Using the records below, copy exactly the part that opens with the line holding "術(shù)后12天,林先生" and closes with the line holding "The works are", minus the pictures.
*** Records supplied Section Begins ***
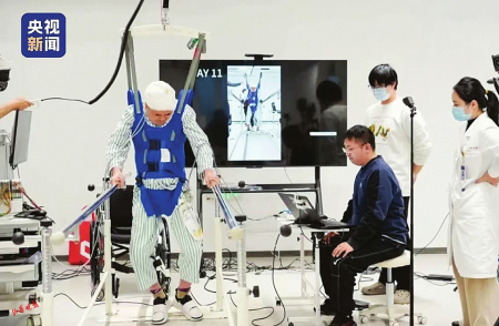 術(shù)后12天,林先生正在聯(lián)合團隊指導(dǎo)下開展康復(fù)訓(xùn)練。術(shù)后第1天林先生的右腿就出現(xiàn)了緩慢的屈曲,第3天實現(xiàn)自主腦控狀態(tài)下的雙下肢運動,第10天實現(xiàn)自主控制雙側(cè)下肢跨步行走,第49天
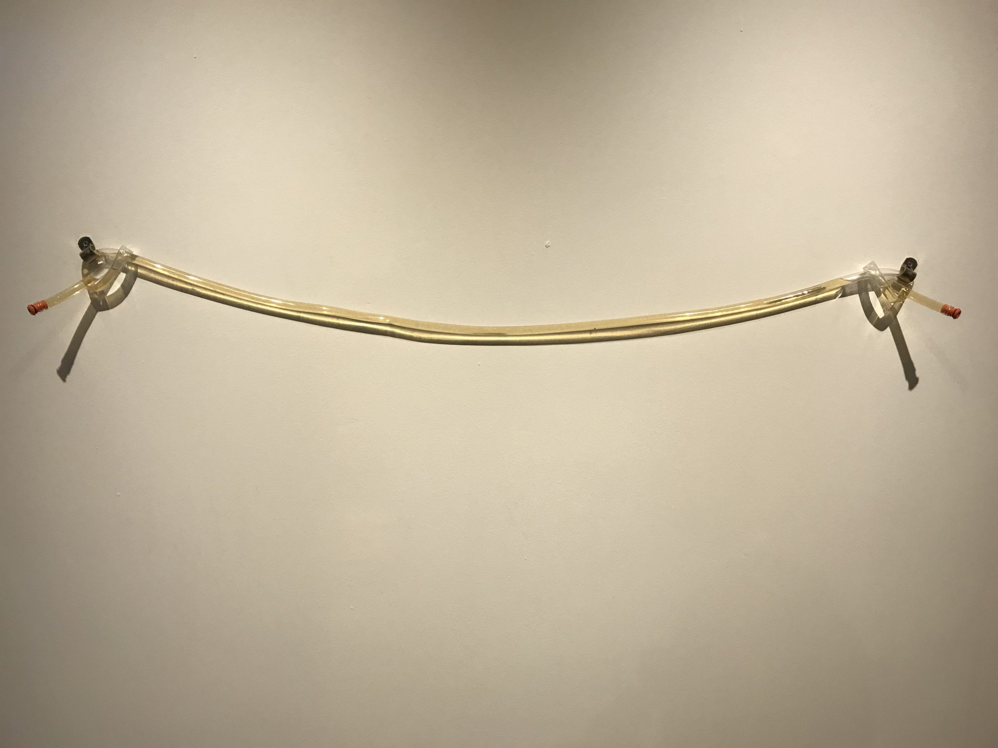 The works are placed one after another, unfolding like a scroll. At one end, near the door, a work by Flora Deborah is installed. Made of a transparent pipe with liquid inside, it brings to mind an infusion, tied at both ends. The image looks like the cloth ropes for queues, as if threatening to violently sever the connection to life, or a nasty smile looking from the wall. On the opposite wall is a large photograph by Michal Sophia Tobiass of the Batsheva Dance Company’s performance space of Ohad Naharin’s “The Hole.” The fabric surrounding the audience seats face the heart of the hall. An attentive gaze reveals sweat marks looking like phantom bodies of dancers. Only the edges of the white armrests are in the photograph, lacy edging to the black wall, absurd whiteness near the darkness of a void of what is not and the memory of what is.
*** Records supplied Section Ends ***
*** Records supplied Section Begins ***
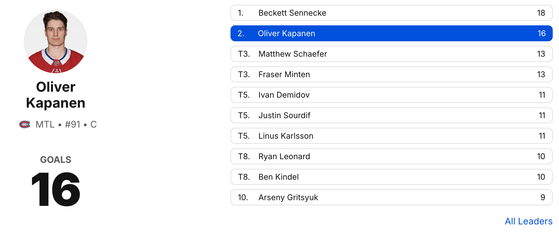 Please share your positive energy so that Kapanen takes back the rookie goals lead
*** Records supplied Section Ends ***
Task output.
 術(shù)后12天,林先生正在聯(lián)合團隊指導(dǎo)下開展康復(fù)訓(xùn)練。術(shù)后第1天林先生的右腿就出現(xiàn)了緩慢的屈曲,第3天實現(xiàn)自主腦控狀態(tài)下的雙下肢運動,第10天實現(xiàn)自主控制雙側(cè)下肢跨步行走,第49天
 The works are placed one after another, unfolding like a scroll. At one end, near the door, a work by Flora Deborah is installed. Made of a transparent pipe with liquid inside, it brings to mind an infusion, tied at both ends. The image looks like the cloth ropes for queues, as if threatening to violently sever the connection to life, or a nasty smile looking from the wall. On the opposite wall is a large photograph by Michal Sophia Tobiass of the Batsheva Dance Company’s performance space of Ohad Naharin’s “The Hole.” The fabric surrounding the audience seats face the heart of the hall. An attentive gaze reveals sweat marks looking like phantom bodies of dancers. Only the edges of the white armrests are in the photograph, lacy edging to the black wall, absurd whiteness near the darkness of a void of what is not and the memory of what is.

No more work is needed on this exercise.